▸ **WHAT THE TASK ASKS**
Of the records that follow, copy only the lines from the line containing "Number of downloads" to the line containing "We found these", both included, exactly as written.

▸ **DATASET RECORDS**
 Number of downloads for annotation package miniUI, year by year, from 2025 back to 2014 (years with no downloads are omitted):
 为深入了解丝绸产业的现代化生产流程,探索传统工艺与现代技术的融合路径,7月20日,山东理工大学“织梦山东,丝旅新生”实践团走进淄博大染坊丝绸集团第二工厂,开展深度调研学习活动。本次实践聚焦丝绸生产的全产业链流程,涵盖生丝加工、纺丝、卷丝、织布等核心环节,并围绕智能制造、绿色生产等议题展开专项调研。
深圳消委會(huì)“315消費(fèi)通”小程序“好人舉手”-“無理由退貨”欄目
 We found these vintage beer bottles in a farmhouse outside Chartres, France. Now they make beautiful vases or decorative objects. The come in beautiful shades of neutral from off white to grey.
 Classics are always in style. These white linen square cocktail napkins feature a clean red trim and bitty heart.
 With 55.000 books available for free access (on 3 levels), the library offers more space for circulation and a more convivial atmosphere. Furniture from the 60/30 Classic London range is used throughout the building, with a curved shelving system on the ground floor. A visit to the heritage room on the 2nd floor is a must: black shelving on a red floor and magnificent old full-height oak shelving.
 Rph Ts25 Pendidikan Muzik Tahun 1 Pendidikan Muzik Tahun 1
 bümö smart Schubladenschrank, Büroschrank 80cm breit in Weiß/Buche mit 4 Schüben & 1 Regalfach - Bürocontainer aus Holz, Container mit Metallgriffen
...
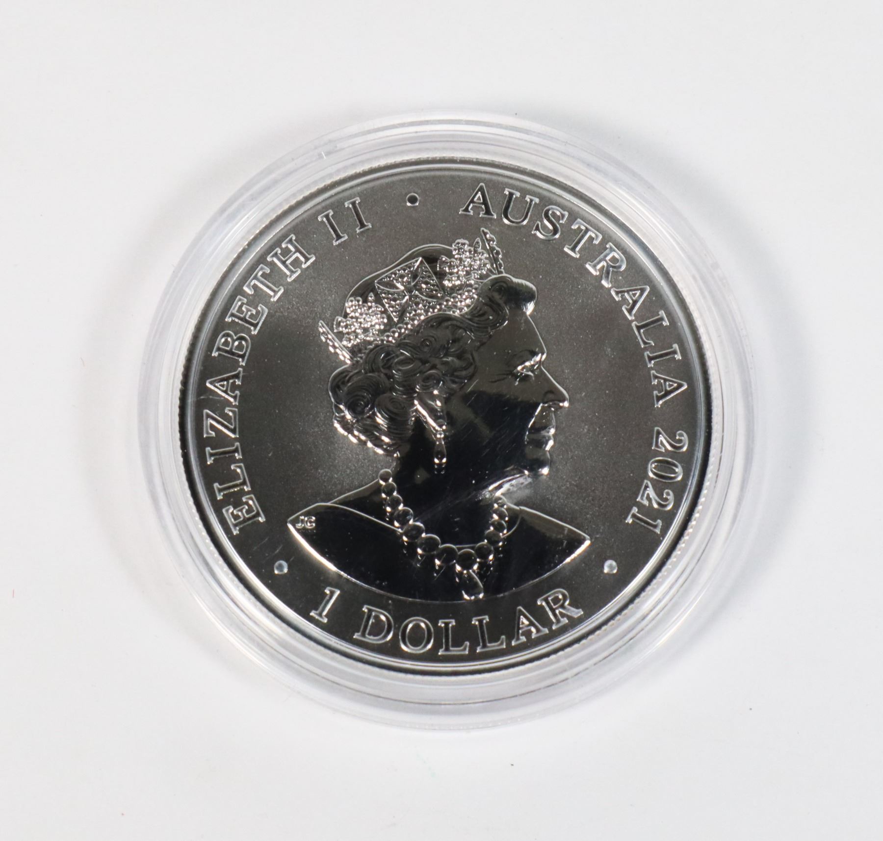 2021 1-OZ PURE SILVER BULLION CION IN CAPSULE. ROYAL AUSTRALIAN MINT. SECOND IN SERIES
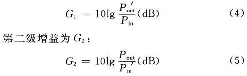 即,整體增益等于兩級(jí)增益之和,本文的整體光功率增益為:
* * *
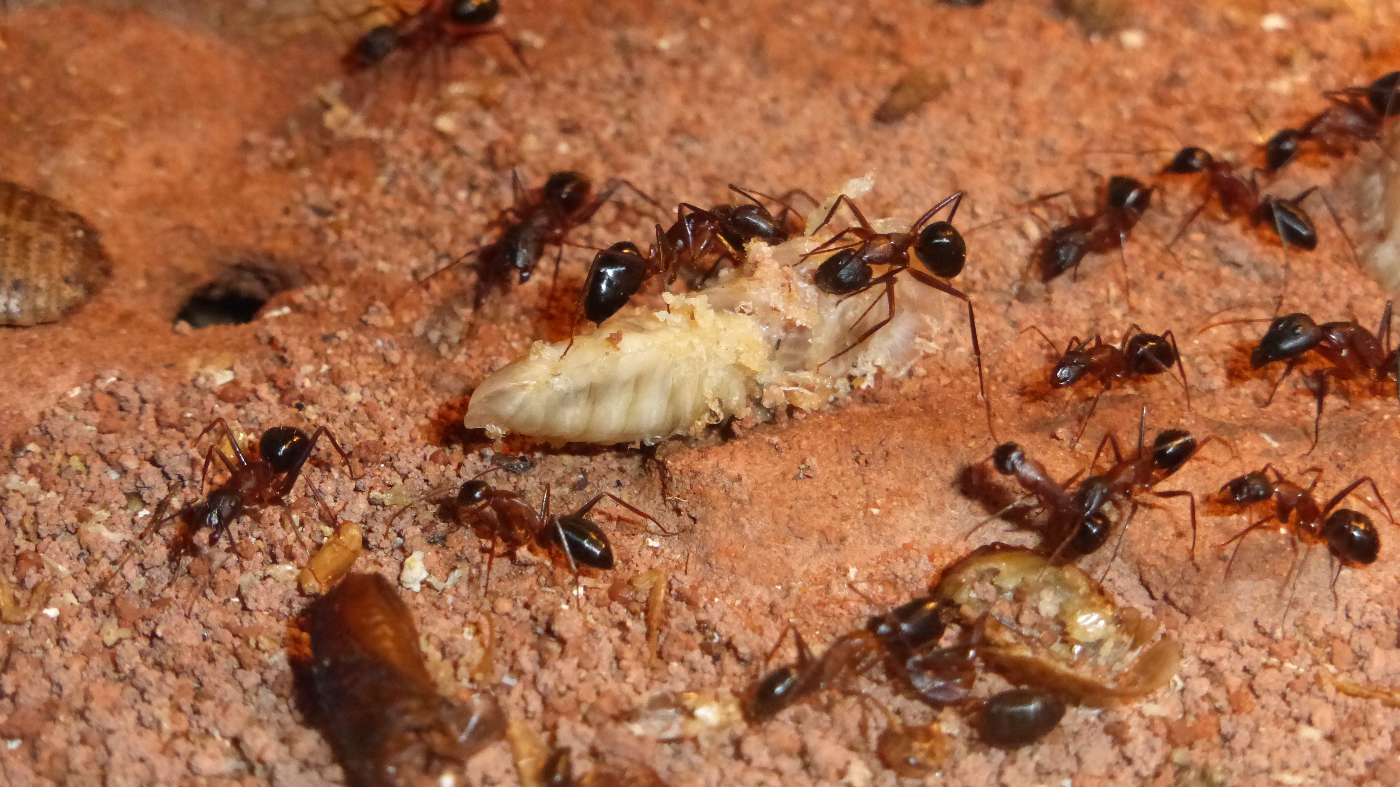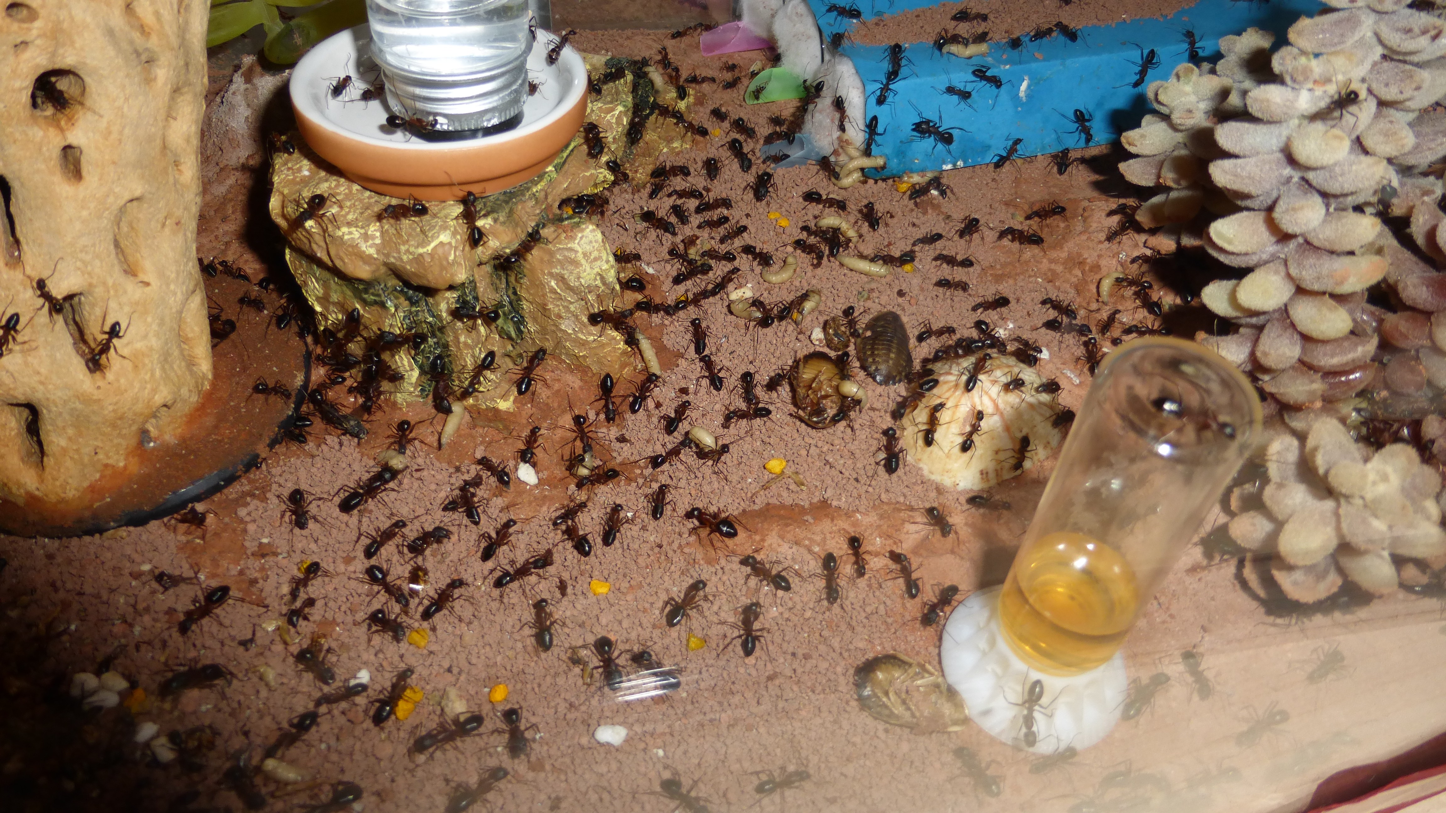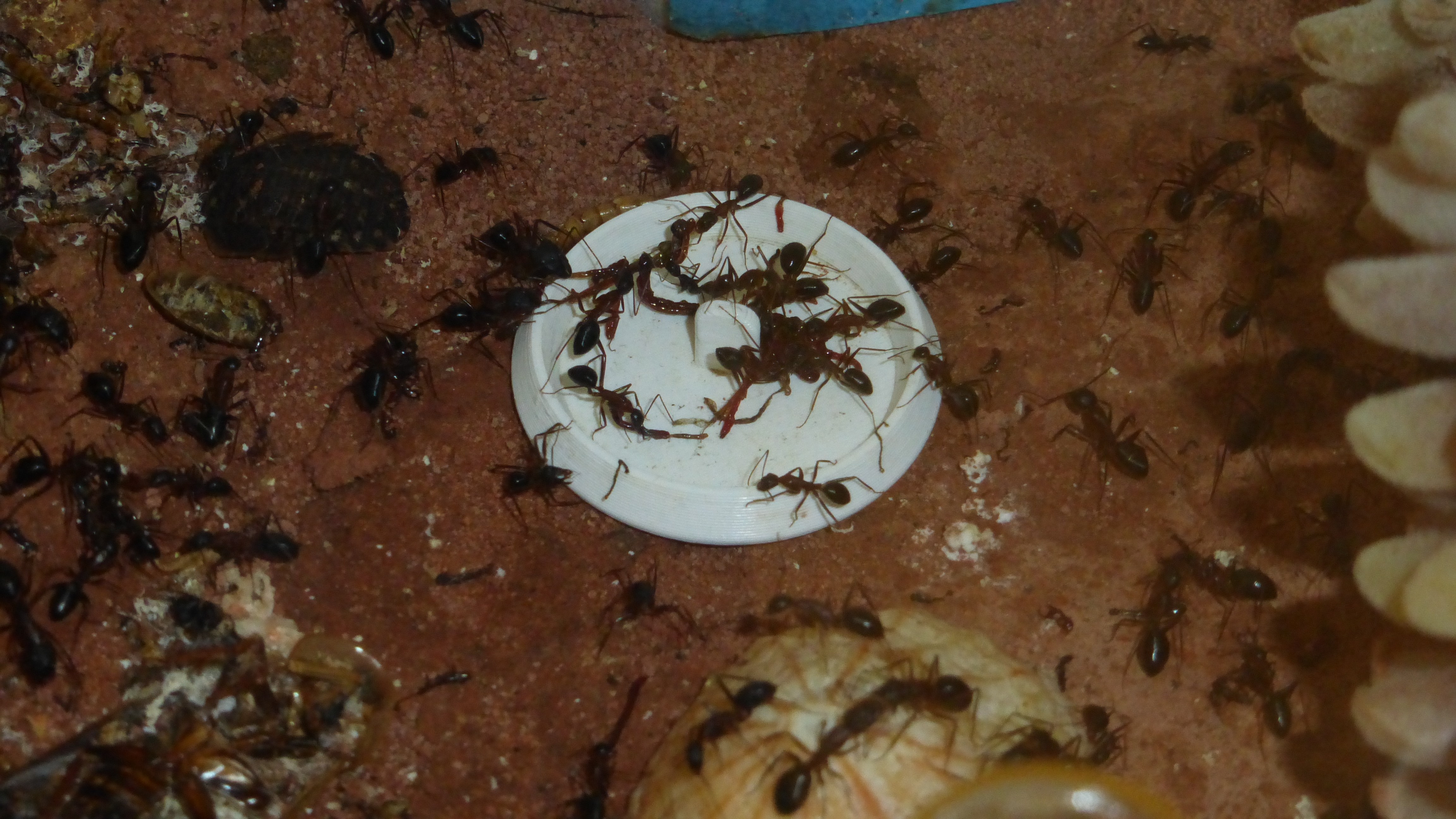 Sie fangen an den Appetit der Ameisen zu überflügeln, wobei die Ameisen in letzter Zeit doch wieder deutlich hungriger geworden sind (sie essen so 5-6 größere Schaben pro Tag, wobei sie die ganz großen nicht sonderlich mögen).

▸ **SOLUTION FOR THIS PROBLEM**
 Number of downloads for annotation package miniUI, year by year, from 2025 back to 2014 (years with no downloads are omitted):
 为深入了解丝绸产业的现代化生产流程,探索传统工艺与现代技术的融合路径,7月20日,山东理工大学“织梦山东,丝旅新生”实践团走进淄博大染坊丝绸集团第二工厂,开展深度调研学习活动。本次实践聚焦丝绸生产的全产业链流程,涵盖生丝加工、纺丝、卷丝、织布等核心环节,并围绕智能制造、绿色生产等议题展开专项调研。
深圳消委會(huì)“315消費(fèi)通”小程序“好人舉手”-“無理由退貨”欄目
 We found these vintage beer bottles in a farmhouse outside Chartres, France. Now they make beautiful vases or decorative objects. The come in beautiful shades of neutral from off white to grey.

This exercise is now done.